Just in time, before the November midterm elections hit, former White House press secretary Jen Psaki has moved on to greener pastures at NBC News.  On Sunday, while chewing the political fat with her new colleague, "Meet the Press" host Chuck Todd, the former Biden flack gamely admitted that if the battle to retain Congressional control “is a referendum on the president,” Democrats “will lose, and they know that.”  The steely spin master even conceded that the issue of crime is a key “vulnerability.”  Fortunately, Psaki is no longer officially required to defend against such vulnerabilities.  That Herculean task now falls to her successor behind the podium, White House press secretary Karine Jean-Pierre.

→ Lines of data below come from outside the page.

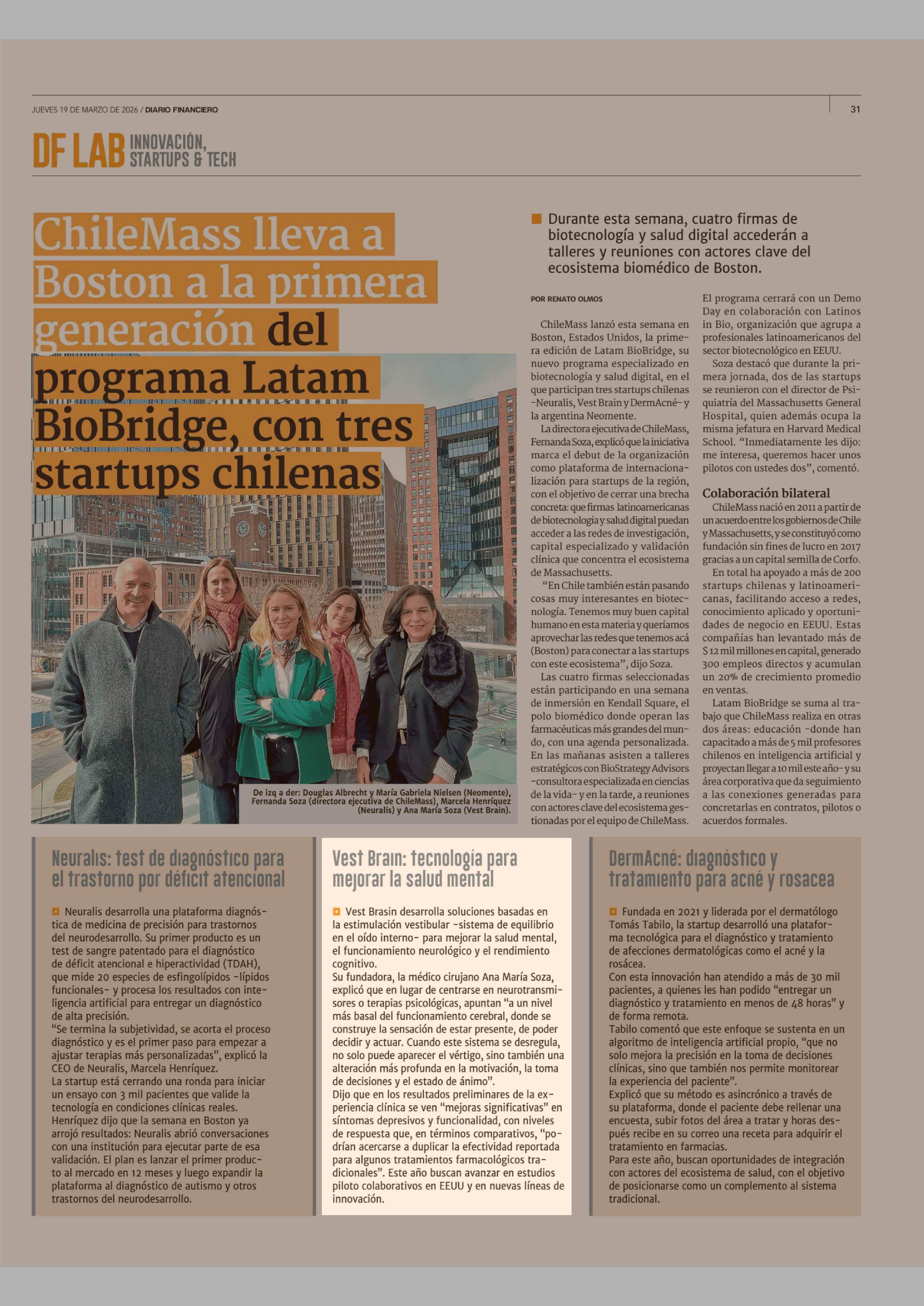 Vest Brain: tecnología para mejorar la salud mental 19-03-2026 Diario Financiero |
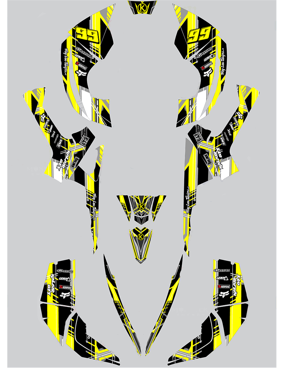 Los adhesivos que producimos están fabricados con materiales crystal de primera calidad que se adaptarán fácil y perfectamente a los plásticos de la motocicleta del cliente. La resistencia del material permite que nuestro gráfico permanezca perfectamente adherido incluso durante las condiciones de uso más difíciles de la motocicleta. La instalación, gracias a los canales de descarga de aire, permite instalar las pegatinas de forma suave y sin burbujas. Utilizamos maquinarias de última generación para la impresión, por lo que podemos imprimir colores brillantes y tonalidades de alta calidad. Incluimos una capa protectora en los adhesivos, para que estén siempre brillantes durante los años y estén protegidas del agua y la suciedad. Es posible personalizar las pegatinas como prefiera. Puede agregar, eliminar o cambiar patrocinadores técnicos, agregar un número de carrera personalizado o su propio nombre. Puede indicar todos los cambios en el campo "Personalización del producto" en el sitio web durante la compra. No nos limitamos solo a los gráficos de nuestro sitio web, puede enviarnos por correo electrónico o WhatsApp una imagen de un diseño que no tenemos, para que podamos hacerle un presupuesto y luego hacerlo. Mediante la compra, se aceptan las condiciones de venta.
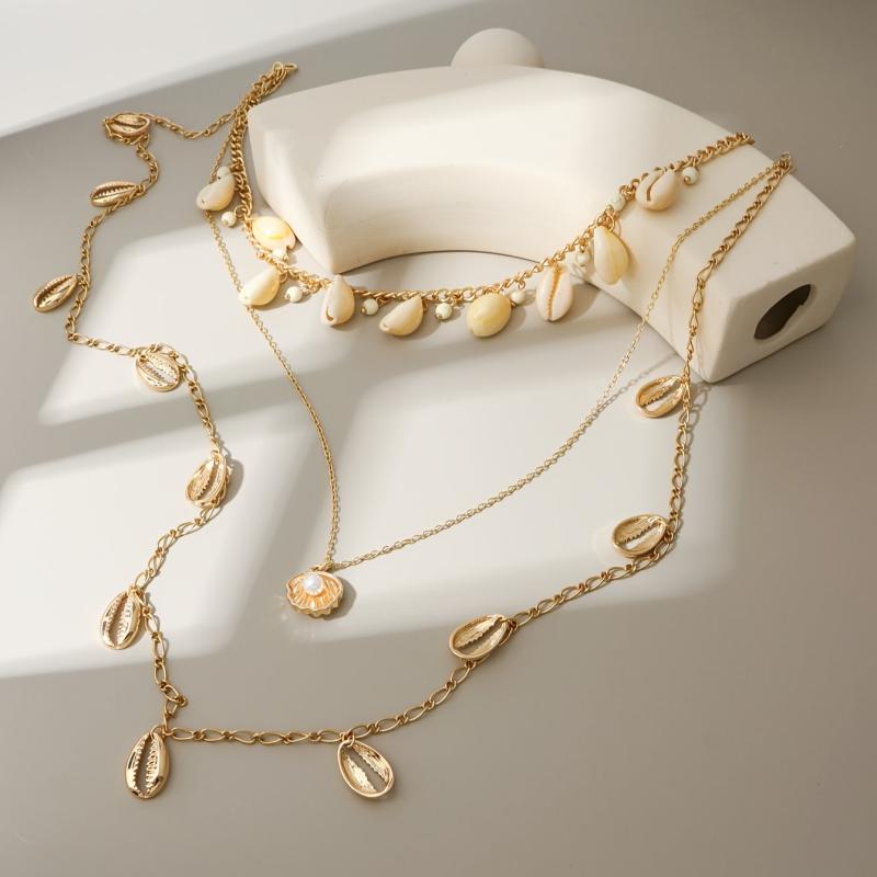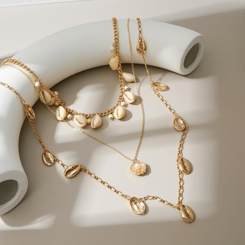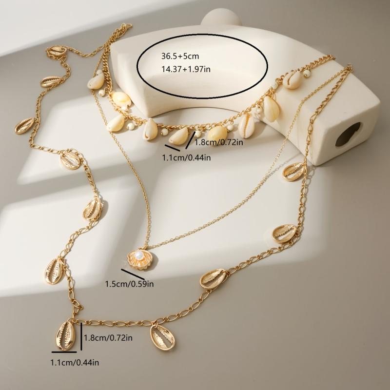 Add a touch of ocean style to your summer outfits with this layer chain necklace featuring multiple conch pendants and artificial pearl embellishments. Perfect for beach holidays!
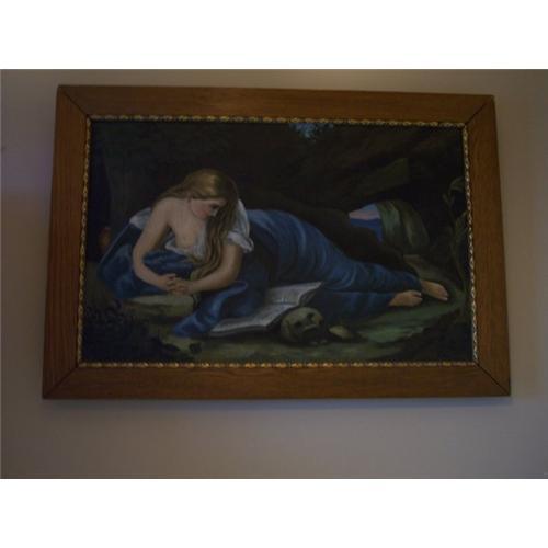 This is the other unusual oil painting I purchased at the same time I bought the previous one.This one is on canvas and framed in a very nice oak frame.It is not signed as far as I can tell.I had a lady tell me that the name of this painting is something like-"Reading From the Book of Souls".I do not know for sure but it is a different type of painting.Measures 32 1/2" x 22 1/4".Very good condition.
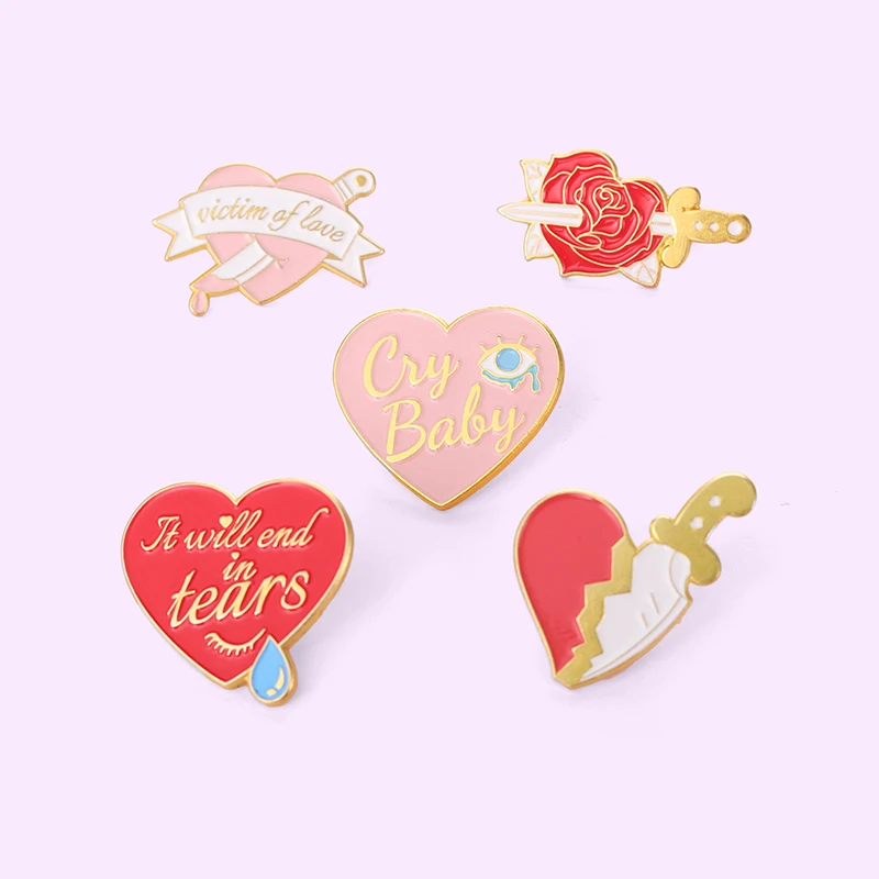 Эмалированная заколка в форме сердца в стиле панк, нож, слеза, роза, любовь, разбитое сердце, металлические значки для рюкзака, сумки, шляпы, Женские Ювелирные изделия, аксессуары

On Monday, when confronted by Psaki’s candid analysis, Jean-Pierre was left to deflect the obvious.  Asked if the president believes America’s big cities are safe, the White House official spluttered, “It is not a yes or no question.”  In fact, big city murder rates remain 30% above 2019 pre-pandemic levels.  Every day, another horror story hits the front pages of a Manhattan subway rider being brutally attacked by a psychotic vagrant or a peaceful pedestrian gunned down in a Philadelphia suburb.  In San Francisco, a real estate developer who was mugged outside of home warns that crime in the City by the Bay has reached a tipping point from which it may never recover.  Democrats are trying mightily to recover from the disastrous slogan, “Defund the police.”